The present invention relates to the mounting of embossing die elements, and more particularly it relates to an adjustable mounting for the inclusion of embossing elements with cutting, scoring and punching dies. The invention is described herein with specific reference to rule dies, and the incorportion of embossing elements therewith. However, this is done for illustrative purposes only, and it will be apparent that the invention is not necessarily limited to use with such dies.
Rule dies are well known and widely used. Generally, a rule die comprises a plurality of cutting rules and a plurality of scoring rules, all mounted on a die board or plate in an appropriate configuration, and cooperating with a counterplate. The counterplate has surface grooves along lines that correspond to the scoring rules. The rule die and the counterplate are positioned in face to face relation in a reciprocating press adapted to bring them together, with the cutting edges of the cutting rules just kissing the surface of the counterplate, and with the edges of the scoring rules entering the counterplate surface grooves. Thus, when paper board stock is placed between the die and counterplate, it will be cut and scored in accordance with the rule pattern on the die. One of the more common uses of these rule dies is to stamp out paper board box blanks, intended to be folded along the formed score lines and glued to form a box.

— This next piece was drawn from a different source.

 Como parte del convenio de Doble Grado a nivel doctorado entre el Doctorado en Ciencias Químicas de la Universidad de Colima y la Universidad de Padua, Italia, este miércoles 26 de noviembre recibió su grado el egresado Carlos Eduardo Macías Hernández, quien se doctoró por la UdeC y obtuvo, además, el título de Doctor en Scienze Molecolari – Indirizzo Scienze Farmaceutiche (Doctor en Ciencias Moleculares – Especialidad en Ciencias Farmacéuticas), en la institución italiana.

It is commonplace in such paper board boxes to include an embossing. The embossing may be of any character, such as verbal, or a design, or an emblem. The normal way to accomplish the embossing is to include embossing die elements within the rule die plate or board and the counterplate, so that the embossing is accomplished simultaneously with the cutting and scoring. Embossing requires the presence of both an embossing die and a counter or mating intaglio, positioned respectively on the counterplate and the die board in face to face relation to come together in registry when the rule die and counterplate are brought together by the press. Since embossing is normally a decorative feature, it is important to obtain good quality embossing on the paper board. Therefore, near perfect registry of the embossing die and intaglio is required, and that registry must be maintained within close tolerances throughout the use of the die. The primary objective of the present invention is to facilitate that registry.

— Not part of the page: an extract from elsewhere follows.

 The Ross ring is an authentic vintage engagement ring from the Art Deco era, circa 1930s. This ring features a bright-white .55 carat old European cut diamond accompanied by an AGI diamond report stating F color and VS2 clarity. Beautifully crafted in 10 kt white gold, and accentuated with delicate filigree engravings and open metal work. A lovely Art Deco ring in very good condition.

Because of its special character, an embossing intaglio is frequently mounted on a separate embossing block, which is in turn fitted into the rule die board, and the same is normally true of the corresponding embossing die carried on the counterplate. The primary purpose of the present invention is to provide a mounting structure for receiving the embossing die or its intaglio, which enables the precise alignment and registry of these devices after they are mounted in the die board and/or the counterplate, and enables their ready in situ readjustment as required to maintain registry during the extended use of the rule die.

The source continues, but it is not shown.